[Supplied information]
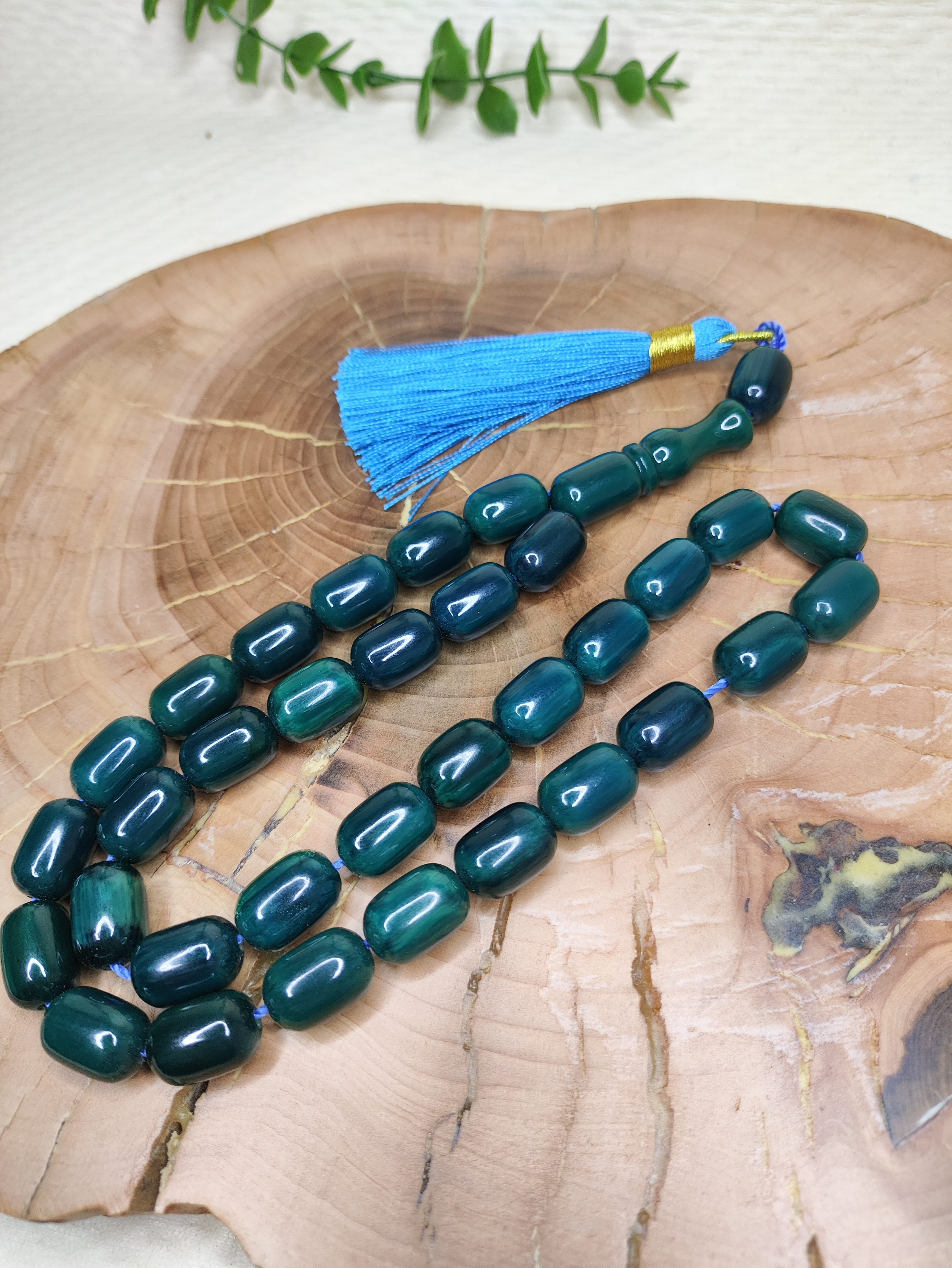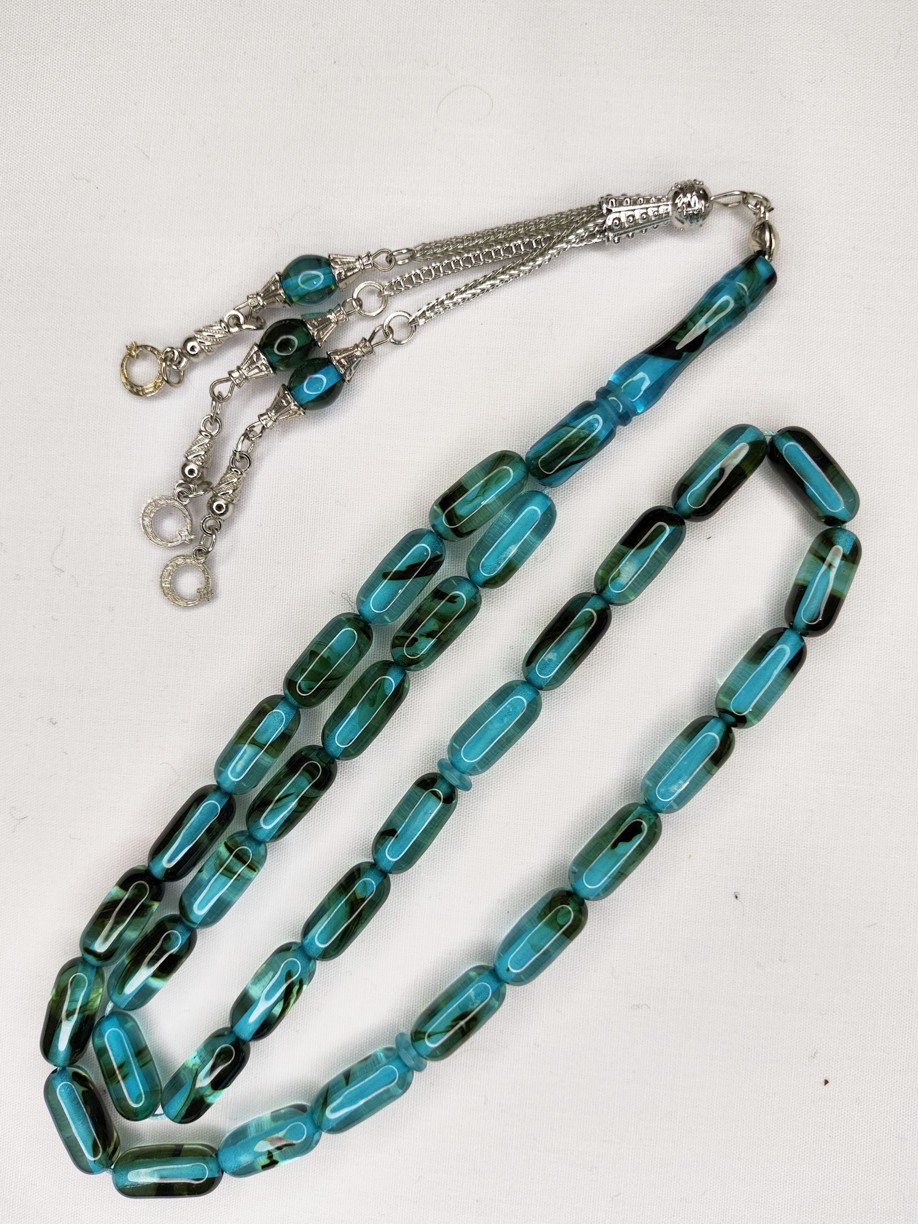 تسبیح کهربا رگه دار ابرو بادی 33عددی تراش کپسولی خوشدست رنگ فیروزهای ای زیبا و کلکسیونی
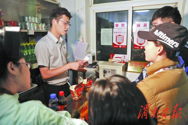每当夜晚来临,这里就是步行登山游客的聚集区,特别是在旅游旺季,每天夜间接待游客数量都在4000人次以上,工作量很大。王钊和同伴们在工作岗位上一站就是四五个小时。
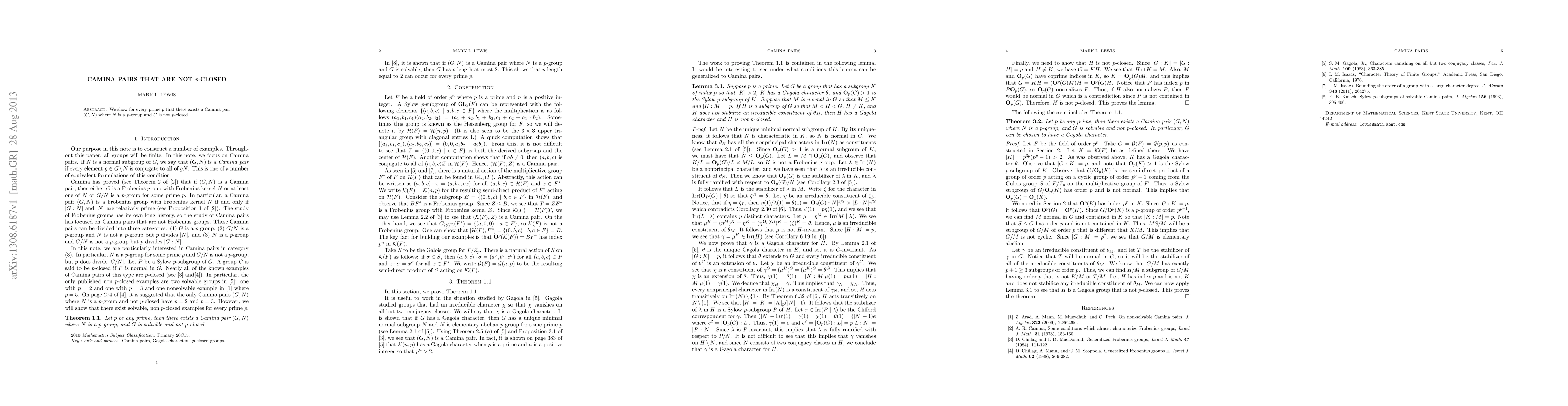 We show for every prime $p$ that there exists a Camina pair $(G,N)$ where $N$ is a $p$-group and $G$ is not $p$-closed.

[What the task asks]
Drop the images and copy all the data exactly.

[Your solution]
 تسبیح کهربا رگه دار ابرو بادی 33عددی تراش کپسولی خوشدست رنگ فیروزهای ای زیبا و کلکسیونی
每当夜晚来临,这里就是步行登山游客的聚集区,特别是在旅游旺季,每天夜间接待游客数量都在4000人次以上,工作量很大。王钊和同伴们在工作岗位上一站就是四五个小时。
 We show for every prime $p$ that there exists a Camina pair $(G,N)$ where $N$ is a $p$-group and $G$ is not $p$-closed.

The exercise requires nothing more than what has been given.